** Work request **
Restate every line of the data word for word, except for the images.

** Data excerpt **
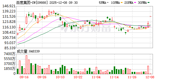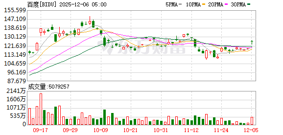 截至12月5日收盘,百度港股每股报121.6港元,涨幅为5.01%,最新市值为3344亿港元。
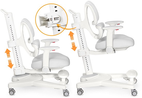 У кресла раздельная регулировка высоты спинки и сиденья. Это поможет наиболее точно настроить кресло под рост ребенка.
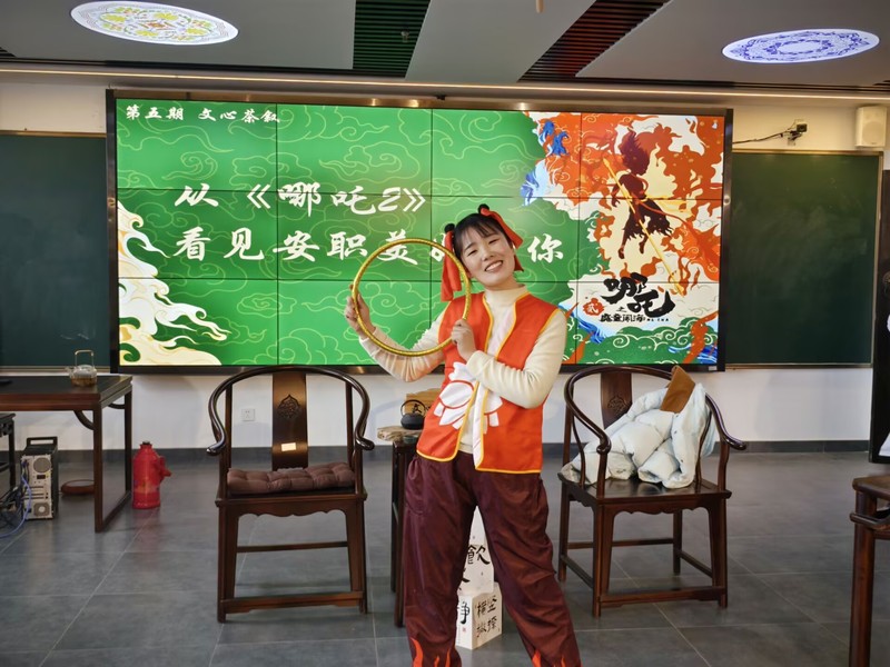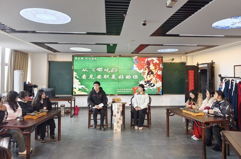 2月20日,文化与旅游学院在安徽文化实践教学基地成功举办了第五期“文心茶叙”活动。本期活动以“从《哪吒2》看见金宝搏188体育在线美好的你”为主题,特邀学院专职教师马明晖担任主讲嘉宾,与现场20余名师生共话文化自信、职业理想与人生价值,传递“美好”的力量。

** Answer section **
 截至12月5日收盘,百度港股每股报121.6港元,涨幅为5.01%,最新市值为3344亿港元。
 У кресла раздельная регулировка высоты спинки и сиденья. Это поможет наиболее точно настроить кресло под рост ребенка.
 2月20日,文化与旅游学院在安徽文化实践教学基地成功举办了第五期“文心茶叙”活动。本期活动以“从《哪吒2》看见金宝搏188体育在线美好的你”为主题,特邀学院专职教师马明晖担任主讲嘉宾,与现场20余名师生共话文化自信、职业理想与人生价值,传递“美好”的力量。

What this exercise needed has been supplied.